From Michael Robertson, Worshipping Walt: The Whitman Disciples:
Whitman was not suggesting that all men were repressing a supposedly shameful tendency; rather, he was celebrating the seeds of a politically powerful democratic affection that existed within every person and that only needed encouragement to blossom. Whitman’s poems of adhesiveness were intended not to set a few men apart but to bring all Americans together.
It is this inclusiveness that has made arguments about Whitman’s sexuality so intense. When Oscar Wilde said, years after his visit to the United States, that the kiss of Walt Whitman was still on his lips, he was claiming an artistic consecration, a mark of special favor. Symonds and Carpenter used Whitman to defend the rights of a persecuted minority, to suggest that same-sex passion was natural and innate in a certain portion of the population. But Walt Whitman refused to consider himself as special or different. He was not a minority but a kosmos. In depicting himself he was depicting you, any reader, every reader—the erms of adhesive love are in all people. It is a message that remains more radical and unsettling than any that Symonds, Carpenter, or Wilde—for all their transgressive courage—ever offered.

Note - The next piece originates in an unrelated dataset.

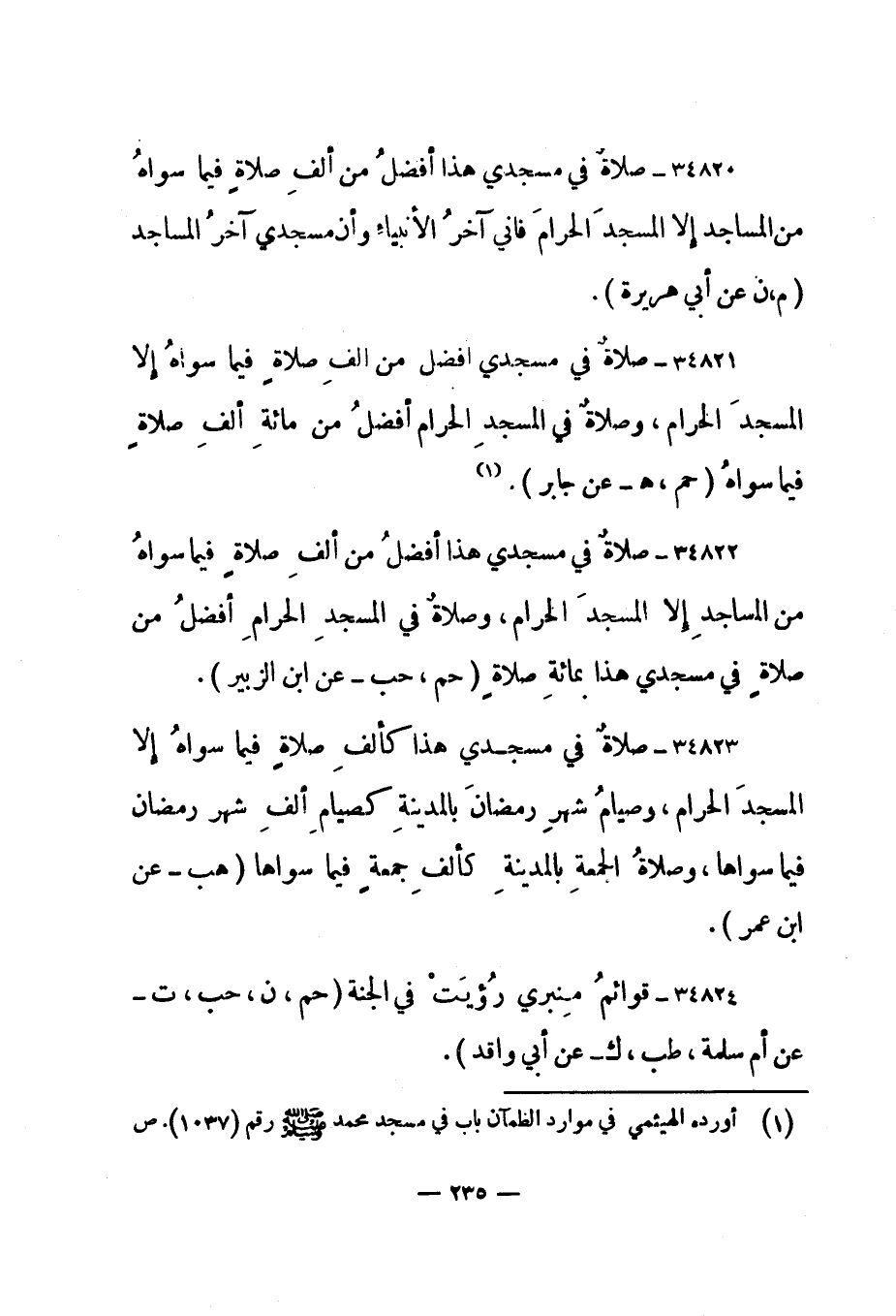 34822- " صلاة في مسجدي هذا أفضل من ألف صلاة فيما سواه من المساجد إلا المسجد الحرام، وصلاة في المسجد الحرام أفضل من صلاة في مسجدي هذا بمائة صلاة. " حم، حب - عن ابن الزبير".

Ahistorical determination to claim Whitman for the cause of homosexuality usually tends to ignore the fairly obvious contextual point that no one aside from a few German sexologists and their British acolytes was really developing a framework in which to understand men’s sexual attraction to men (in contrast to a more romantic “manly love of comrades”). It goes without saying that American contemporaries of Whitman’s would not have read the “Calamus” poems as homosexual or even precisely homoerotic, simply because of the cultural context in which they all existed; this is in part why Whitman so enthusiastically rebuffed Symonds’ and Carpenter’s attempts to read “Calamus” love as “Uranian.” Homoerotic relationships and men who engaged in them as a distinct social category did not exist for Whitman or in his America. As Robertson points out earlier in this chapter, an allusion to (female) prostitution elsewhere in Whitman’s oeuvre generated the cultural concern—and censorship&mdash that the “Calamus” poems never did.
But I think it is worth noting that in this passage, Robertson seems to be suggesting that even if a cultural construction of homosexuality had existed in Whitman’s America, he wouldn’t have considered himself part of it. Sexual orientation is ever a question of self-identification, and Whitman would neither have understood himself to be writing on gay themes nor would have understood himself to be gay. Indeed, identity politics and the ensuing cultural divisiveness were exactly what concerned Whitman: remember that so much of his poetry comes directly out of the Civil War; remember the degree of patriotic concern with which he mourned the death of Lincoln and worried about what it would mean to the Union. I don’t understand the amative-adhesive dialectic nearly as well as I should, and it is possible that it has more in common with Carpenter’s gender-transgressive utopian vision than we might expect. But recent attempts to call upon Whitman in the name of an identity politics do a disservice to the poet’s own, I believe more complex, cosmology.
At the entrance to the Dupont Circle Metro station in Washington, DC, there is a Whitman quote inscribed into the stone: it reads, “Thus in silence in dreams’ projections,/Returning, resuming, I thread my way through the hospitals;/The hurt and wounded I pacify with soothing hand,/I sit by the restless all dark night – some are so young;/Some suffer so much – I recall the experience sweet and sad…” So, I assume, was Whitman’s experience as a Civil War nurse adopted for the cause of an AIDS memorial, and so, once again, was Whitman’s cultural status as the bard of homoeroticism brought to bear on this particular memory of a virus which claimed a generation of gay men. I like, however, to think that Whitman—despite his own rejection of the Uranian association, and despite the ahistoricity of labelling him with an identity which did not exist in his cultural context—would not have hesitated to minister to dying AIDS patients in the virus’s first couple decades, nor as it continues to ravage indiscriminately today. At risk of lapsing into my own particular brand of ahistoricity, I can only believe that Whitman would treat the young gay man of the 1980s, wasting away in a hospital bed before his time, with the same reverence which he did the young soldier of the 1860s dying a not-entirely-different, equally-undeserved death. Adhesive and amative love, after all, are not needlessly squeamish about whom they touch.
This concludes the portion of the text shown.